BANDUNG,FOKUSJabar.id: Desakan terhadap Komisi Pemberantasan Korupsi (KPK) untuk secepatnya memanggil dan memeriksa Menteri Investasi/Kepala Badan Koordinasi Penanaman Modal Bahlil Lahadalia semakin kencang. Seperti diketahui, mantan Ketua Umum BPP HIPMI ini sudah dilaporkan ke lembaga anti rasuah oleh Jaringan Advokasi Tambang (JATAM) terkait peranannya dalam dugaan kasus perizinan di sektor pertambangan.
Desakan untuk pemanggilan Bahlil Lahadalia diutarakan Gerakan Arus Bawah Demokrasi (GABDEM) yang menduga sang Menteri menarik fee untuk pengaktifan kembali izin tambang yang sebelumnya telah dicabut dengan alasan tidak produktif. Bahkan Bahlil Lahadalia pun ditengarai meminta saham perusahaan yang izinnya dikembalikan.
“Berdasarkan investigasi yang kami lakukan dan dari sumber terpercaya, saudara Bahlil cenderung tebang pilih dalam mencabut izin pertambangan yang tidak produktif. Sebagai contoh, izin tambang milik PT Meta Mineral Pradana di Kabupaten Konawe, Sulawesi Tenggara, tidak ditutup atau dicabut meskipun tidak beroperasi sejak tahun 2010 dan belakangan terungkap jika pemegang saham mayoritas PT Meta Mineral Pradana adalah PT Papua Bersama Unggul yang dimiliki saudara Bahlil sendiri,” kata Koordinator GABDEM, Asvin Ahmad melalui keterangan tertulis, Sabtu (23/3/2024).

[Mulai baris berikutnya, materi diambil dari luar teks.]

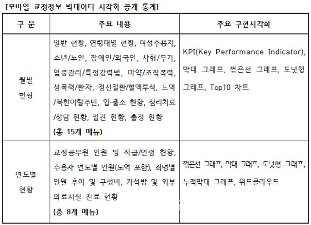 모바일 교정정보 빅데이터 시각화 서비스는 전국 교정시설 현황 및 1일 평균 수용인원, 월별 전체 수용인원, 연령대별 현황, 연도별 교정공무원 현황 등을 제공한다.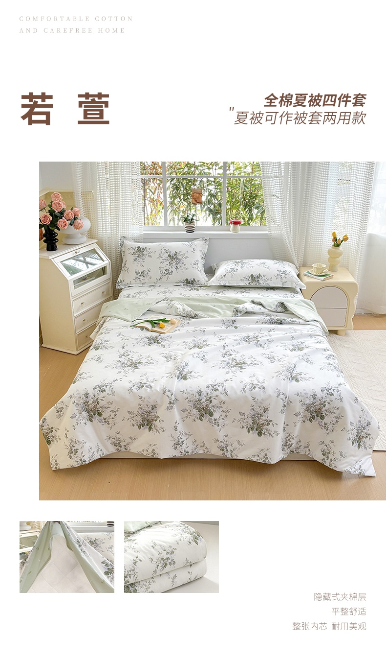 • 91家纺网 家纺一手货源 找家纺 元元被芯 2025新款40支13372全棉印花夏被四件套 诗雨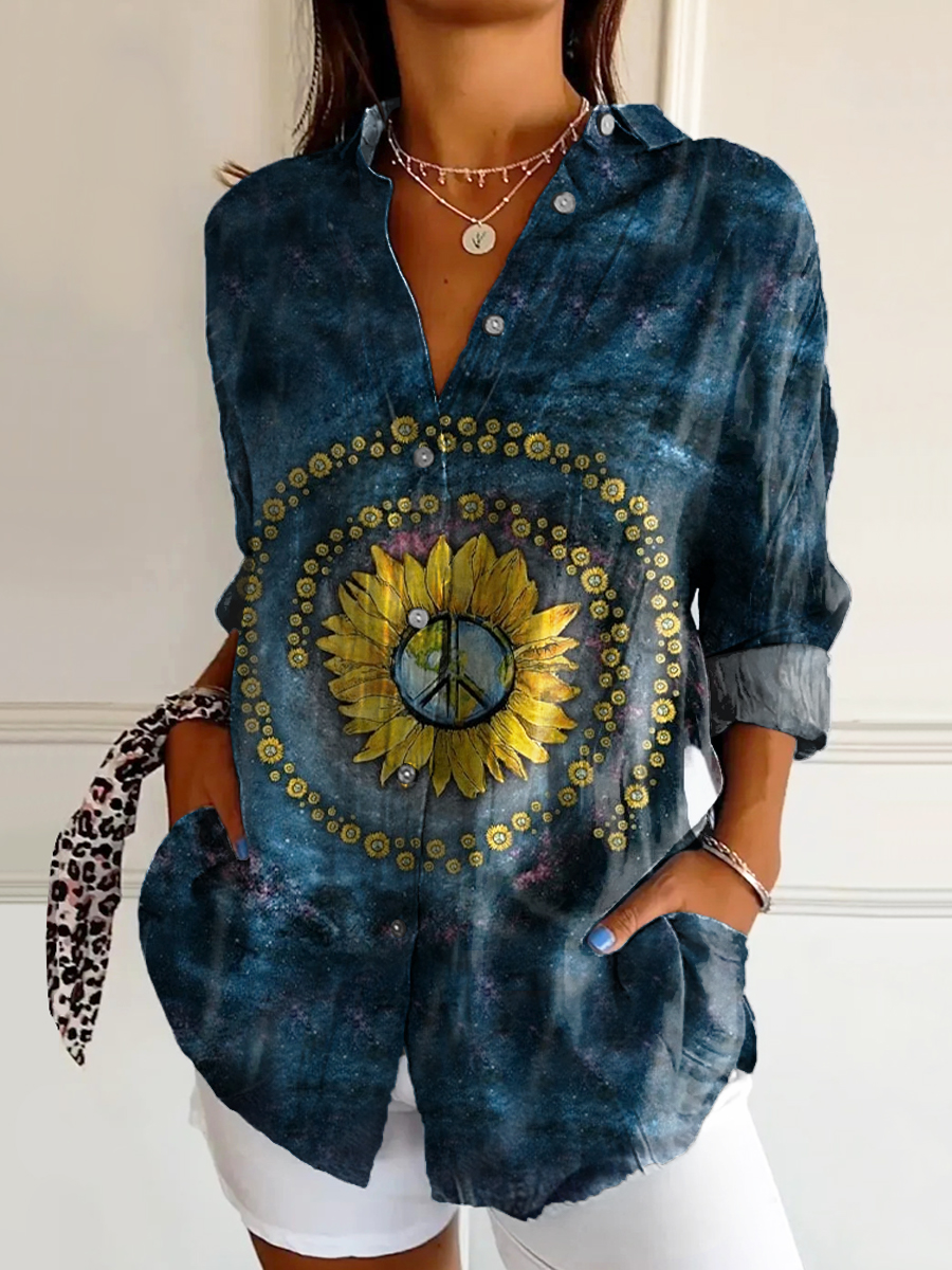 Women's Hippie Peace Art Print Casual Cotton Shirt

Namun pada saat bersamaan, lanjut Asvin, puluhan izin untuk wilayah konsesi yang berdekatan dengan konsesi PT Meta Mineral justru dicabut. Menteri Bahlil Lahadalia pun diduga melakukan praktik pemerasan dan atau jual beli izin pertambangan kepada beberapa perusahaan yang berkepentingan.
Modus operasi yang digunakan, kata Asvin, yakni dengan meminta uang dan atau saham melalui orang-orang terdekatnya kepada perusahaan yang menginginkan izinnya dihidupkan kembali.
“Peran saudara Bahlil adalah membuat pemetaan semua izin tambang dan perkebunan, hak guna usaha, dan konsesi kawasan hutan. Saudara Bahlil kemudian mencabut ribuan izin yang dianggap tidak produktif yang selanjutnya, melalui orang-orangnya, meminta fee kepada sejumlah pengusaha yang ingin izinnya diaktifkan kembali,” Asvin menerangkan.
Asvin menuturkan, berdasarkan keterangan sejumlah pengusaha, besaran fee yang diminta orang-orang kepercayaan Bahlil Lahadalia antara Rp5 milyar hingga Rp25 milyar. Selain itu, orang-orang kepercayaan Bahlil Lahadalia pun disebut-sebut meminta saham perusahaan sekitar 30 persen untuk menghidupkan kembali izin usaha yang telah dibatalkan.
“Sementara bagi izin pertambangan yang tidak aktif, saudara Bahlil melelangnya secara terbuka, beberapa dibagikan kepada organisasi kemasyarakatan, koperasi, dan lain-lain sebagai hadiah,” dia menambahkan.
Asvin menilai, yang dilakukan Bahlil Lahadalia melalui orang-orang terdekatnya diduga telah melanggar beberapa aturan. Antara lain Undang-Undang Pemberantasan Tindak Pidana Korupsi dan Undang-Undang Nomor 3 Tahun 2020 tentang Pertambangan Mineral dan Batubara Pasal 51 dan 61.
Selain itu, pelelangan izin tambang yang dilakukan Bahlil Lahadalia melalui satgas investasi seharusnya dilakukan Kementrian Energi dan Sumber Daya Mineral.
“Saudara Bahlil diduga kuat melakukan tindak pidana korupsi dengan mematok tarif atau fee terkait dengan pencabutan dan atau pengaktifan kembali izin tambang serta melakukan penyalahgunaan wewenang yang berakibat pada kerugian keuangan atau perekonomian negara,” Asvin menjelaskan.
Delik aduan atas dugaan tindak pidana korupsi yang dilakukan Bahlil Lahadalia, kata Asvin, adalah delik gratifikasi, suap-menyuap dan pemerasan. “Karena itu, kami memohon KPK untuk menindaklanjuti laporan pengaduan tindak pidana korupsi yang dilakukan saudara Bahlil ini,” Asvin menegaskan.